I rephrased and asked “What is the difference between the foods you enjoy to eat and the foods you use for control and coping?”
“They’re fundamentally different than things I know to keep me fueled that I enjoy.” The foods she explained are carbohydrates like breads or ice cream or other sweets. They are things that are consumed quickly because you have to take effort to chew vegetables and meats.
This made me think. It’s not that the foods we choose when we are trying to find control are necessarily bad, yes, sometimes they are, but it’s the pressure we put on them.
Eating disorders are gray area and look different for everyone. They can also evolve over time.
I’ve been asked about triggers and how can I have such control over foods that are consideration temptations for others. My answer is, my binging isn’t about restriction. It’s not about feeling compelled to consume large quantities of these foods. I know in my head that they will be there tomorrow, I can stop at a serving or two and call it a day. I also know that physically, these things outside of moderation don’t make me feel good. It’s not guilt, but physical bloating or pain or sickness.
It’s tied to my anxiety and my PTSD and at times manifests differently than I’m expecting. But, it all comes back to one thing. My binging is 100% tied to control. I’ve blacked out during binges and was essentially a body going through motions that she didn’t realize.

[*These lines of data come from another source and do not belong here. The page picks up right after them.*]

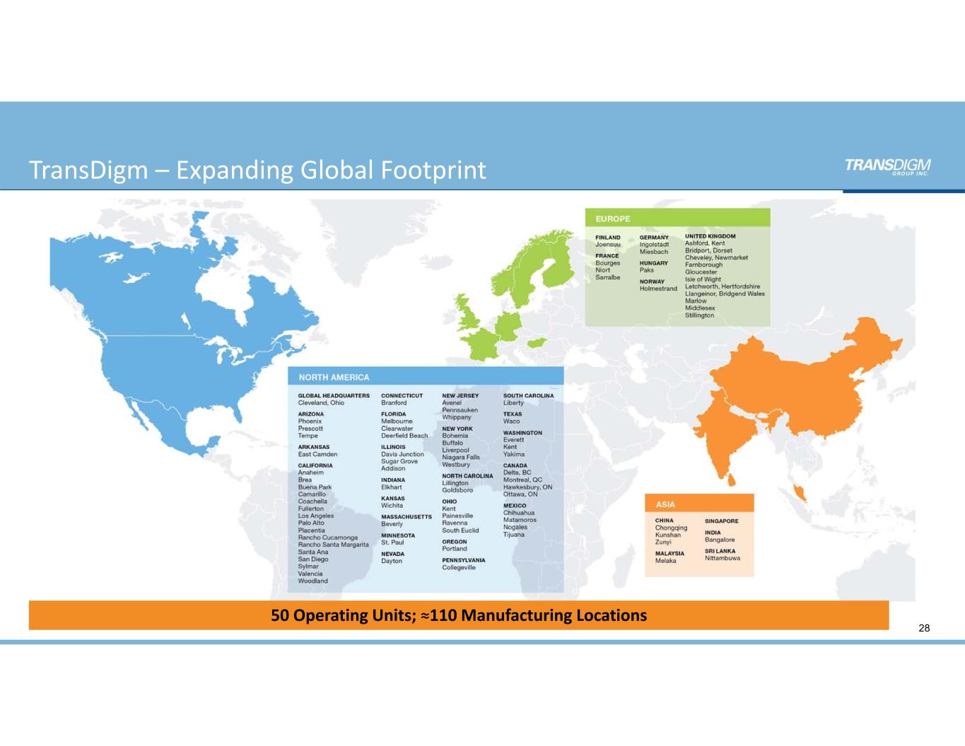 TransDigm – Expanding Global Footprint 28 50 Operating Units; ≈110 Manufacturing Locations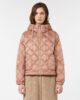 Giacca corta in piumino d’oca con cappuccio con coulisse e motivo a rombi trapuntato all-over.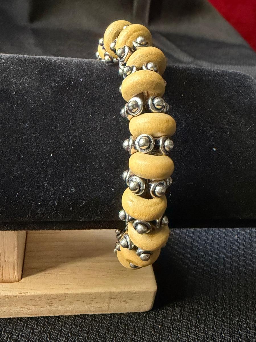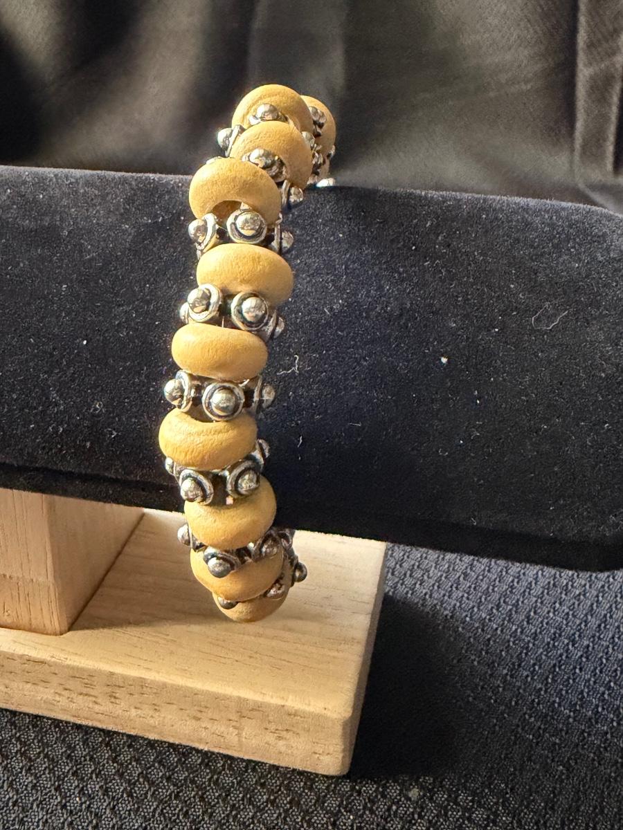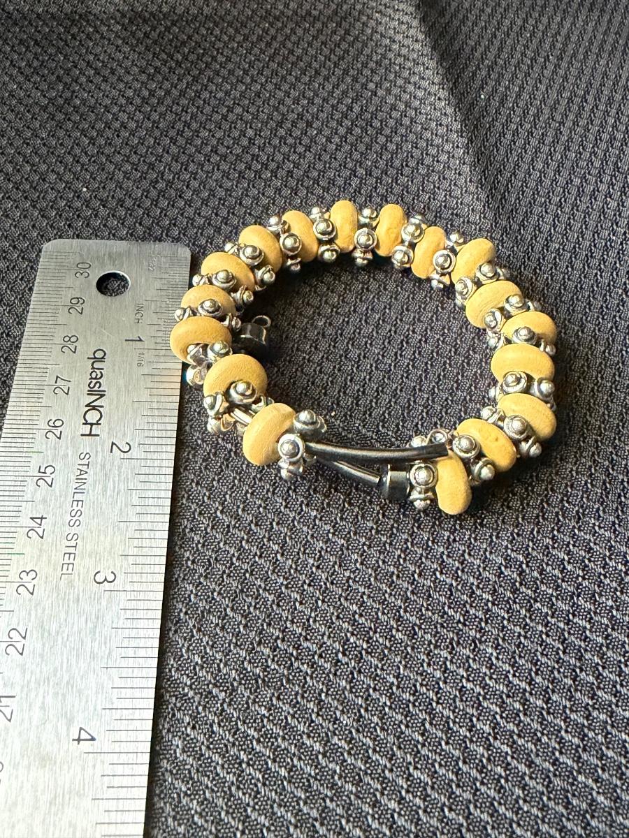 bracelet featuring yellow wooden beads and silvertone accents on a wire wrap.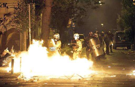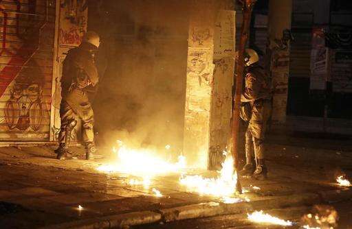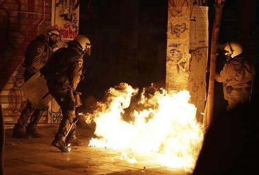 Police officers look at flames from a fire bomb thrown by demonstrators during a protest against the visit of US President Barack Obama in Athens, Tuesday, Nov. 15, 2016. Greek riot police used tear gas and stun grenades in central Athens Tuesday to disperse about 3,000 left-wing marchers protesting a visit by President Barack Obama, after they tried to enter an area declared off-limits to demonstrators. (AP Photo/Thanassis Stavrakis)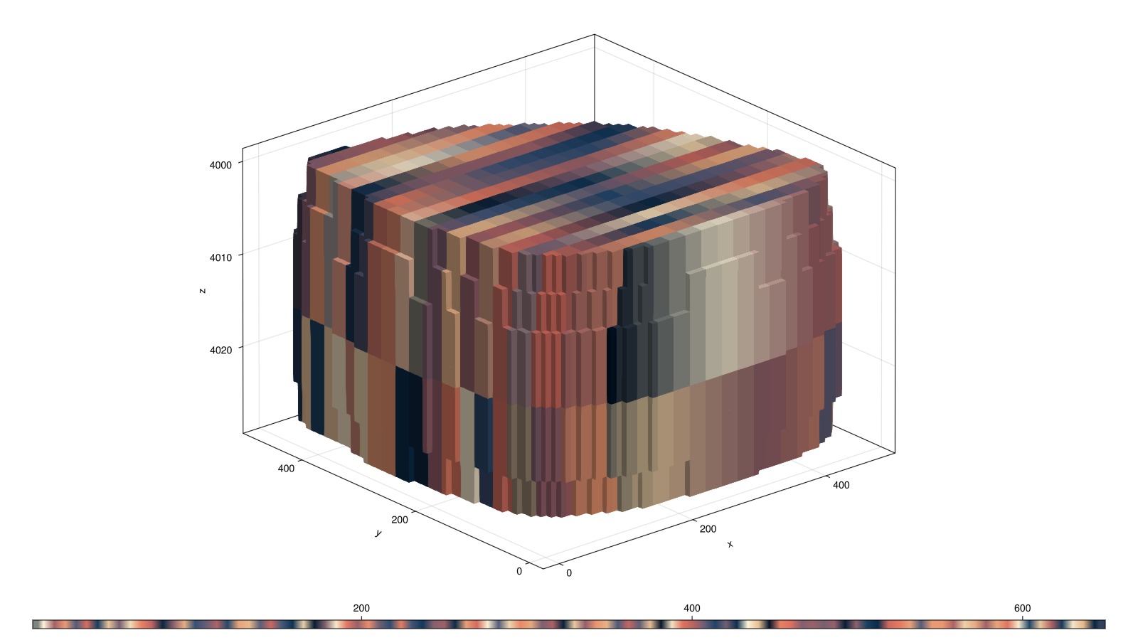 We coarsen the model using a partition size of 20x20x2 and the IJK method where the underlying structure of the mesh is used to subdivide the blocks. This function automatically handles inactive cells and disconnected blocks and can therefore also work on more complex models.

The last binge I was very much present and that was new for me because I had never experienced a binge where it was more than searching for something to turn off the chemicals. Taking bites of a pepper and a cookie, peanut butter and broccoli. Sugars or salts. Maybe a texture. But never both at the same time.
What this client said made me think about my own history and what impacted it before and what impacts my present.
What we know in every day life is different than what we know when we are in an emotional mind. I know now, that for me to keep calm or in control, I need a process or schedule to feel like I’m at zero. That’s why I get up at the same time every morning and go to bed around the same time every night. That’s why I keep a strict calendar. It’s why I make lists and have dessert at roughly the same time every day. It’s why I excel in a deadline driven setting – I have always excelled in that regard.
That’s actually why I like baking so much. JP’s co-workers truly do benefit.
The process of reading, pre-heating, mixing and pouring for me is relaxing. Maybe that’s why I’m enjoying biology so much, the process in lab puts me in control at first and then I get to sit back and see the reactions, see if my hypothesis is proved right or false.
Health is much more than eating right, whatever that means for you. It’s more than measurements and the scale. Health is a feeling. It’s about the confidence behind the psychology of the decision making process. Saying, I not enjoy what I’m eating, but I feel good about choosing it. It’s also realizing when something throws you through a loop and developing a plan that may help you solve the problem.
Something, something, inspiring. I want people to think about things differently. I want people to see the world from different angles. It’s not just that there’s an eating disorder in your history or in your present, it’s something much deeper than that. It’s not that you don’t have your shit together, it’s just that sometimes things slip away and regaining control is found in losing control.
The conversation I had this morning with my client made me excited because she was able to start seeing things from different angles. It’s not about failing. Yes, it’s frustrating because she knows what makes her feel good and fueled, but that’s not what drives her own desire to regain superficial control.
Take what you learn from yourself and others and move forward, especially in tough times. Move toward forgiving yourself for not being perfect. Forgiving those around you from wishing that you were perfect. Be kind to yourself because if you can’t do that, then why should others?
Remember, you’re not crazy, it’s just that others aren’t talking about their own issues out loud for you to hear.